Penelope also knows that her husband (the scheming politician or salesman of Greek mythology, as Atwood describes him) and their son were involved in the murder of her 12 maids. Add in the sexpot Helen of Troy, along with all the other family rivalries and power grabs associated wit Penelope and Odysseus, and you have "a kind of gigantic ancient Dallas," Atwood says with a laugh.
The Penelopiad, a quick read that's already garnering good reviews, could be seen as a blockbuster made to order.
The rest of the Myths series, which will include contributions from A..S. Byatt, Donna Tartt, Victor Pelevin and others, is to follow the same format. Each book is small and only 150 to 200 pages long, with not much text per page.
The series was dreamed up by Jamie Byng of Edinburgh-based Canongate Books, who has since risen to international prominence as publisher of the best-selling novels Life of Pi and Vernon God Little. He originally mentioned the idea one night at the Frankfurter Hof hotel in 1998 in a gathering of a small Who's Who of international publishing: Louise Dennys of Random House Canada and Knopf Canada, Arnulf Conradi of Berlin Verlag and Morgan Entrekin of Grove/Atlantic.
"It was very much one of those great Frankfurt Book Fair nights, where you are sitting around with like-minded fellow publishers and looking at book ideas," Dennys says. The notion of keeping the Myths series light and fun, rather than heavy and scholarly, was key.
"The fun of it is something that has, in fact, remained with the series since the beginning, and it's very much a part of Margaret Atwood's book and some of the others that are coming down the pipeline too."

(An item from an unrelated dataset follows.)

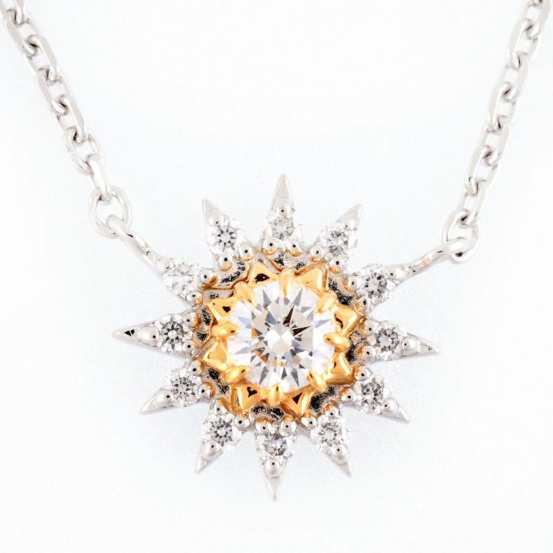 3. スタージュエリー STAR JEWELRY サンバースト ネックレス Pt950 K18 ダイヤモンド 0.08ct【中古】
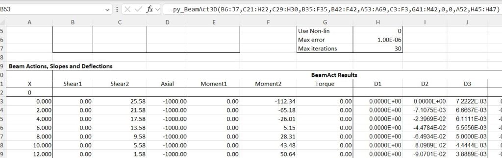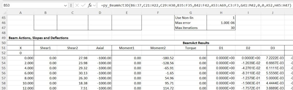 … or perhaps one more. Following the previous post I have modified the py_BeamAct3D function to fix some problems with the non-linear analysis.

New books in the series could still be coming out in 2015 or 2030, Dennys continues.
"The way that it is being conceived at the moment and the way in which writers are approaching it is that we are looking to go forward over the next 10, 20 years — to do something that will involve all the great myths of the world, reinvented and rewritten for our contemporary times."
In rewriting the Penelope myth, Atwood limited herself to sources such as The Odyssey and other ancient versions. She didn't invent anything, she says, other than dialogue and the occasional scene that transposes modern-day elements, such as a brief mock trial held in the afterworld. Winterson's recreation of Atlas and Heracles, on the other hand, includes the nice touch of having Atlas rescue a dog from a Russian Sputnik.
Would Atwood like to tackle another myth?
"No!!" she blurts out in a surprisingly girlish, uncharacteristic voice. "No, why would I?" she says, resuming her usual cool demeanour. "No. No reason for me to do another one."
And this makes one wonder: In the end, is The Penelopiad a product of Atwood's or the publisher's inspiration? As Atwood says jokingly, Byng, in particular, cornered her into contributing to the series.
Still, given how amusing and innovative Atwood is in handling the myth, with Penelope and Helen having catty exchanges in the afterworld and the dead maids singing in judgment, the point isn't so much in the originality of the story, but in the storytelling.